__Data to use__
━━━━━━━━

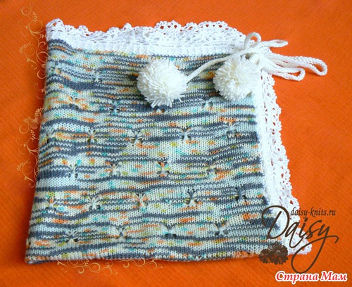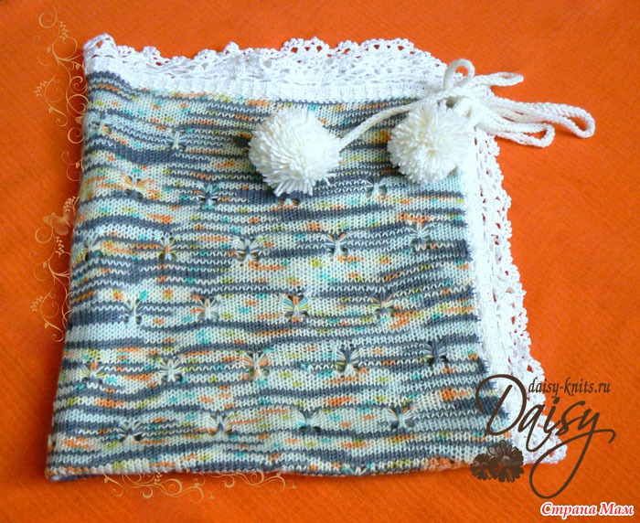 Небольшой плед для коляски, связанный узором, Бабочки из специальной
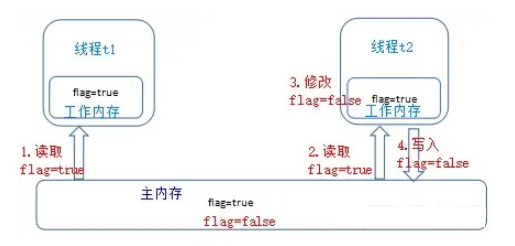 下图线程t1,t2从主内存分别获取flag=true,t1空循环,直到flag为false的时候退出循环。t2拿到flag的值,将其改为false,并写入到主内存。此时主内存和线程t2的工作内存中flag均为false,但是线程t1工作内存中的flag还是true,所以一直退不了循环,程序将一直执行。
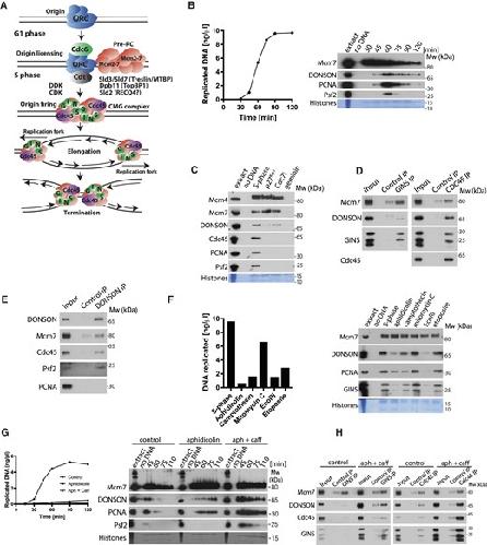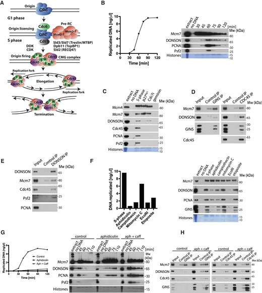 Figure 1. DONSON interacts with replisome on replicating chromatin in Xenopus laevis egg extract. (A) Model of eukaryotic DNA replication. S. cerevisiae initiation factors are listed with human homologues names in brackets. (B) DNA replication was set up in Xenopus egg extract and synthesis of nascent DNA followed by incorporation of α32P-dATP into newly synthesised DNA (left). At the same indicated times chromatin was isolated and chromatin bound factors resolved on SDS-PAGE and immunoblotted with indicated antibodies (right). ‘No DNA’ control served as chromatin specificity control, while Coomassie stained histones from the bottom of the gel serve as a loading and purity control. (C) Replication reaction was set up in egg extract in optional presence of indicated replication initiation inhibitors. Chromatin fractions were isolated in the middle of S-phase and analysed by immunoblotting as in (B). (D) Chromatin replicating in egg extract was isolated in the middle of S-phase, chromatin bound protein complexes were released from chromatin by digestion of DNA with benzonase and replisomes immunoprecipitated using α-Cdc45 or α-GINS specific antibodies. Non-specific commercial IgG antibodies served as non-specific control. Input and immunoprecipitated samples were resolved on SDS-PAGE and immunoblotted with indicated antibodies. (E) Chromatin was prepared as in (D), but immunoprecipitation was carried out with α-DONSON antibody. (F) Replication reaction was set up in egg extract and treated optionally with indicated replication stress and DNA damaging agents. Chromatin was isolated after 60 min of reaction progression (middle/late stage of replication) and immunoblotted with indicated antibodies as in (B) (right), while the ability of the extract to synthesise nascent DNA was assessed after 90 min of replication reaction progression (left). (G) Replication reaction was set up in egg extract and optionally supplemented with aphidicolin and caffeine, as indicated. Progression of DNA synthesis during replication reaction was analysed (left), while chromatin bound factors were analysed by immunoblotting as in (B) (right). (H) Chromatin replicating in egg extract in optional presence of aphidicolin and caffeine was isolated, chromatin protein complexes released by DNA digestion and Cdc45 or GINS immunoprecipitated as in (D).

━━━━━━━━

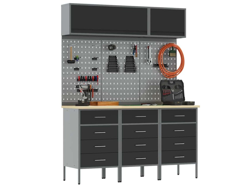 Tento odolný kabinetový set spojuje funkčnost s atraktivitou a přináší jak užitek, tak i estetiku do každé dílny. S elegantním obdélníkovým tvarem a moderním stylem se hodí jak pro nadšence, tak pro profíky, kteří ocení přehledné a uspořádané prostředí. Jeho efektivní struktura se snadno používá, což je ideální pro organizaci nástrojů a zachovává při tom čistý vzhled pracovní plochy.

━━━━━━━━

__Requirement__
Leave out every picture, and copy exactly the lines above starting at the one holding "Небольшой плед для" and ending at the one holding "下图线程t1,t2从主内存分", no more and no less.

__Written response__
 Небольшой плед для коляски, связанный узором, Бабочки из специальной
 下图线程t1,t2从主内存分别获取flag=true,t1空循环,直到flag为false的时候退出循环。t2拿到flag的值,将其改为false,并写入到主内存。此时主内存和线程t2的工作内存中flag均为false,但是线程t1工作内存中的flag还是true,所以一直退不了循环,程序将一直执行。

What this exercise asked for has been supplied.